_Given information_.
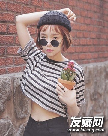 一款俏丽短发发型,对于喜欢短发的妹子来说,这样一款也是很不错的,不到下巴的长度简单好打理,超短空气刘海甜美可爱,细碎的剪裁露出小脸更显呆萌,红棕色的染发显白更时尚。
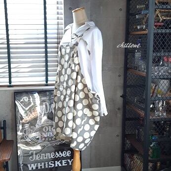 【背中がかわいい】エプロンドレス:グレードット【0586】
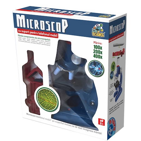Monteaza telefonul tau mobil pe acest microscop special ca sa vezi si mai multe detalii! Miscroscopul este dotat cu 3 oculare cu marire de 100x, 200x si 400x, focalizator, lumina led pentru iluminarea platformei, comutator ON/OFF.
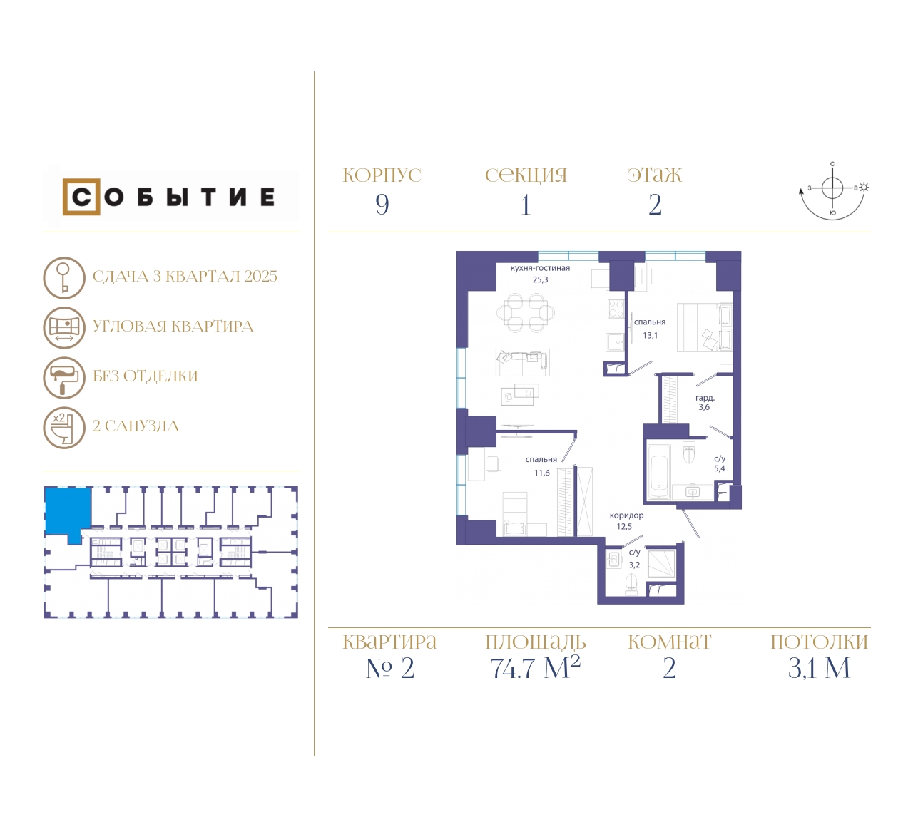 2-комнатная квартира  74.7 м2
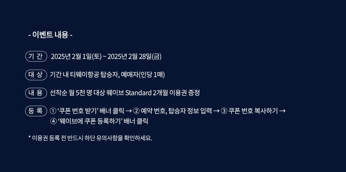 - 등록:①'쿠폰 번호 받기'배너 클릭 → ②예약 번호, 탑승자 정보 입력 → ③쿠폰 번호 복사하기 → ④'웨이브에 쿠폰 등록하기'배너 클릭
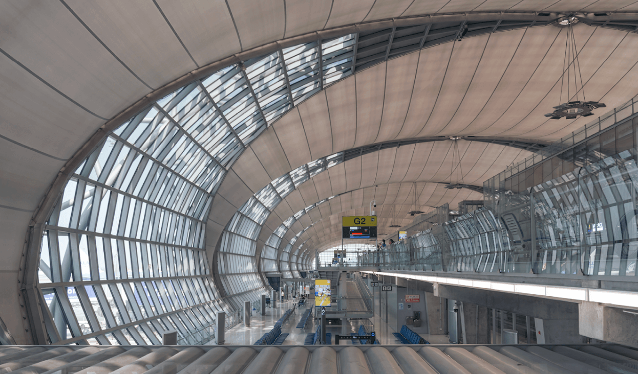 Suvarnabhumi Airport in Bangkok, opened in 2006, is one of the largest by area in the world, with over 500,000 sqm of enclosed space.
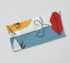 A continuous line drawing creates an abstract face with red lips and a star, overlapping with a sun shape on a textured background, blending minimalism and surrealism.
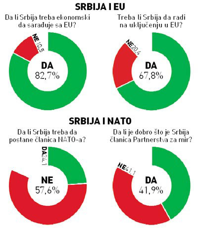 На питање да ли сте за то да Србија ради на прикључењу Европској унији, 67,8 одсто испитаника одговара позитивно, док је 20,4 одсто категорично против прикључења. Међутим, проценат оних који подржавају евроинтеграције расте када је у питању економија, па тако чак 82,7 одсто грађана сматра да Србија треба да развија што тешње економске везе са земљама ЕУ, док је само 10,5 одсто грађана против тога.
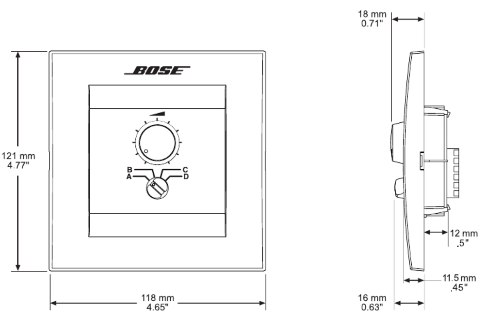 ControlCenter CC-4 – настенный контроллер для дистанционного управления громкостью акустических систем разработанных компанией BOSE, а также выбор одного из четырех каналов (источников) вещания.
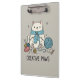 Embrace your creative side with this delightful clipboard showcasing a cute kitten passionately knitting. Surrounded by balls of yarn, knitting needles, and a painter's palette, this design is perfect for hobbyists and art lovers. The gentle gray hue of the clipboard provides a neutral backdrop for the vibrant illustration, ensuring it stands out. Ideal for journaling, creative writing, or simply keeping your important papers tidy, this accessory adds a touch of playful charm to any desk. Let this sweet kitten inspire your next creative endeavor and bring a smile to your day.
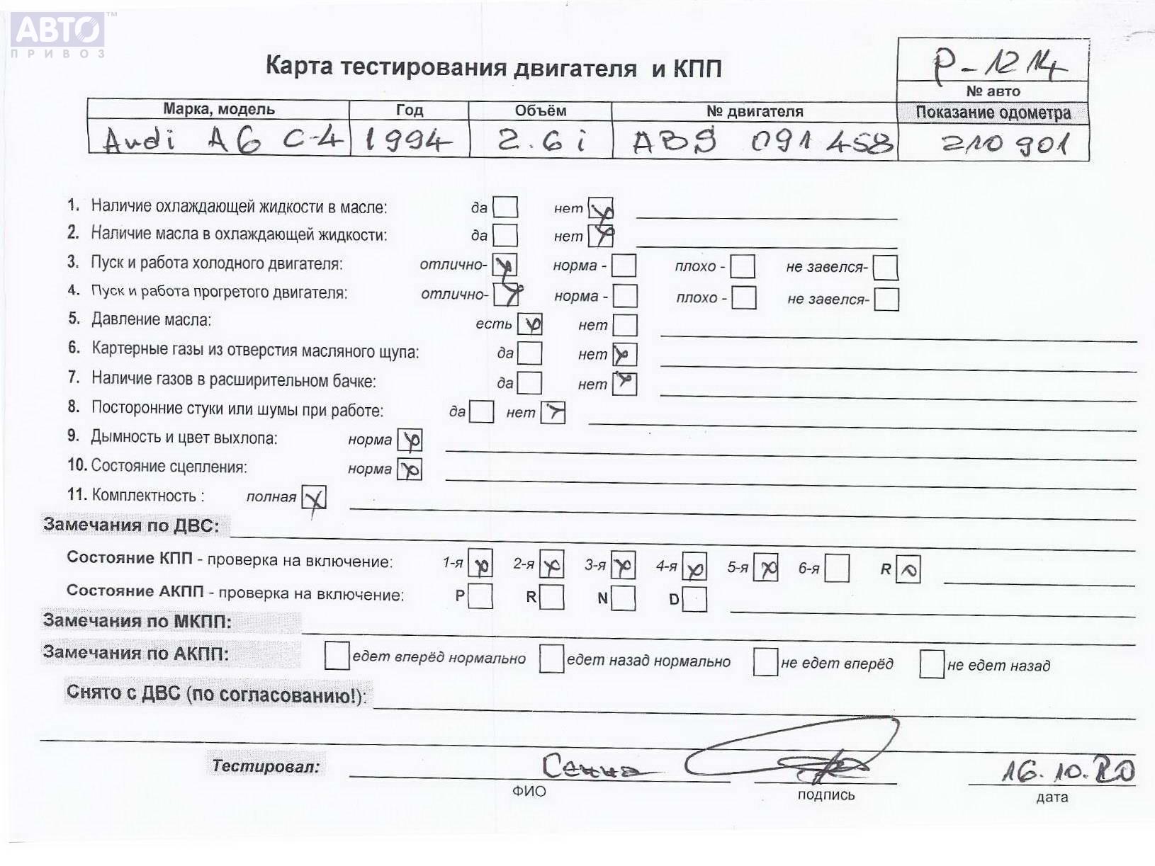 | Марка / Модель / Год: | Audi A6 C4 (1994-1997) 1994 |
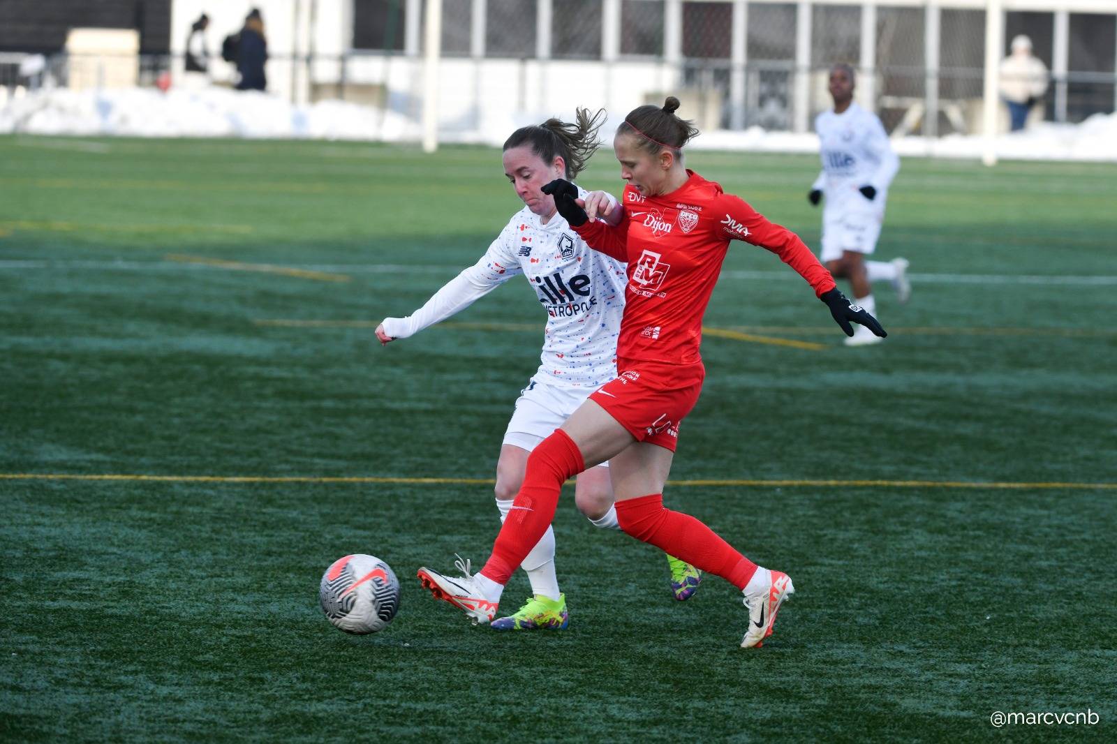Lisa Lichtfus et sa défense sont bien en place. La gardienne dijonnaise est vigilante sur un coup franc de Julie Pian (27’), avant que les joueuses offensives ne fassent à nouveau parler la poudre. Servie au second poteau, Meriame Terchoun ne parvient pas à trouver un angle de frappe, elle repique pour finalement trouver Malou Marcetto qui arrive lancée. La Danoise s’excentre avant de se retourner et de frapper dans un angle complètement fermé. Elisa Launay est battue. Les Rouges font le break ! (0-2, 34’)

_Instructions to follow_.
Without the pictures, repeat the entries above line by line, from the first through the one that contains "На питање да", both ends included.

_Written solution_.
 一款俏丽短发发型,对于喜欢短发的妹子来说,这样一款也是很不错的,不到下巴的长度简单好打理,超短空气刘海甜美可爱,细碎的剪裁露出小脸更显呆萌,红棕色的染发显白更时尚。
 【背中がかわいい】エプロンドレス:グレードット【0586】
Monteaza telefonul tau mobil pe acest microscop special ca sa vezi si mai multe detalii! Miscroscopul este dotat cu 3 oculare cu marire de 100x, 200x si 400x, focalizator, lumina led pentru iluminarea platformei, comutator ON/OFF.
 2-комнатная квартира  74.7 м2
 - 등록:①'쿠폰 번호 받기'배너 클릭 → ②예약 번호, 탑승자 정보 입력 → ③쿠폰 번호 복사하기 → ④'웨이브에 쿠폰 등록하기'배너 클릭
 Suvarnabhumi Airport in Bangkok, opened in 2006, is one of the largest by area in the world, with over 500,000 sqm of enclosed space.
 A continuous line drawing creates an abstract face with red lips and a star, overlapping with a sun shape on a textured background, blending minimalism and surrealism.
 На питање да ли сте за то да Србија ради на прикључењу Европској унији, 67,8 одсто испитаника одговара позитивно, док је 20,4 одсто категорично против прикључења. Међутим, проценат оних који подржавају евроинтеграције расте када је у питању економија, па тако чак 82,7 одсто грађана сматра да Србија треба да развија што тешње економске везе са земљама ЕУ, док је само 10,5 одсто грађана против тога.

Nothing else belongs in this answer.